The following list of Y-STR markers are commonly used in forensic and genealogical DNA testing.

DYS454 is the least diverse, and multi-copy marker DYS464 is the most diverse Y-STR marker.

The location on the Y-chromosome of numbered Y-STR markers can be roughly given with cytogenetic localization. For example, DYS449 is located at Yp11.2 - meaning the Y-chromosome, petit arm, band 1, sub-band 1, sub-sub-band 2 - DYS449.

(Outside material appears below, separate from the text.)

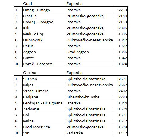 Na vrhu top liste najrastrošnijih gradova nalazi se Umag s potrošnjom 2713 kuna po stanovniku, druga je Opatija s 2150 kuna zatim slijede Rovinj (2113), Krk (2086) i Mali Lošinj (1995). Na šestom mjestu nalazi se Dubrovnik s 1947 kuna, zatim slijedi Pazin s 1927 pa tek onda Zagreb s 1856 kuna. Na dnu top 10 liste su Buzet i Poreč.

Forensic Labs usually use PowerPlex Y (Promega Corporation) and Yfiler (Applied Biosystems) kits that examine 12 or 17 Y-STRs, respectively.  Genealogical DNA test labs examine up to 700 Y-STRs.

Mutation rates
Mutation rates are those per generation, as estimated in Chandler (2006). The quoted estimated errors are typically +/- 15-20%.  Alternative estimates (for forensic use therefore not all markers are covered) from observed pedigrees are also available at the Y Chromosome Haplotype Reference Database.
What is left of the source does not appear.